2011-05-21 Thread Paul Wise
On Sun, May 22, 2011 at 6:22 AM, Steffen Möller steffen_moel...@gmx.de wrote:

  * get more artists attracted to Debian and encourage them to contribute
   in some way that we may not even foresee, yet it's art after all.
   How to render Debian more attractive to artists I don't really know.

Valessio Brito has been trying to push this a bit through things like
art.debian.net.

   What comes to mind:
    o a Debian blend for art?

pkg-multimedia folks were thinking about starting some blends, I think
this could fit well there.

    o better visibility of authorships for contributed art throughout the
      system, to help the artists' promotion?

The chosen desktop themes in desktop-base get good coverage in the
more popular desktops (GNOME, KDE etc) but things like GNUStep,
openbox, awesome don't use the default themes yet.
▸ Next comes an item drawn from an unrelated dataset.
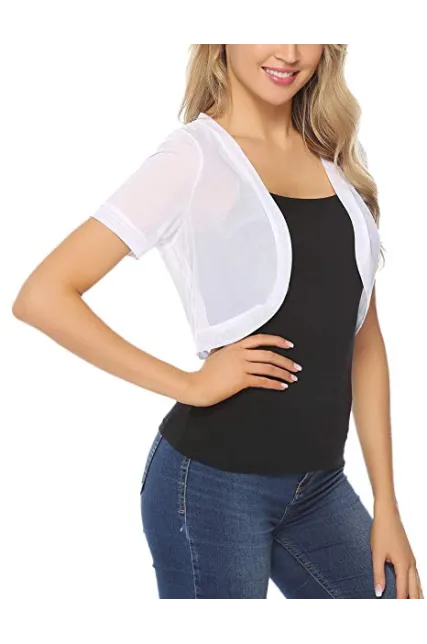 - TOUCH OF STYLE: Add a beautiful dynamic to any outfit with our short sleeve bolero shrug. This bolero jacket features a mesh Crochet, Open Front Cropped Design detail, a chic design, and a beautiful cut to crown it off. Choose from our lovely colors and treat yourself to a layering accessory you’ll simply love.
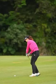笠りつ子 アイアンスイング(斜め前方)|インパクト

    o competitions, prices?

Some competitions happen at art.debian.net, for example the recent
Debian and Debian women mascots

  * strengthen the concept of Blends more for various communities. This
   may help to ensure more complete workflows for various user groups
   and increases the likelihood that because of particular ties between
   users and developers the one or other piece of glue code may find
   its way into the archive, which may not fit to any particular package
   but ist just helpful in some way,

+1

I plan to start some game-related blends at some stage. I need to dig
a bit more into the technical side of blends first though.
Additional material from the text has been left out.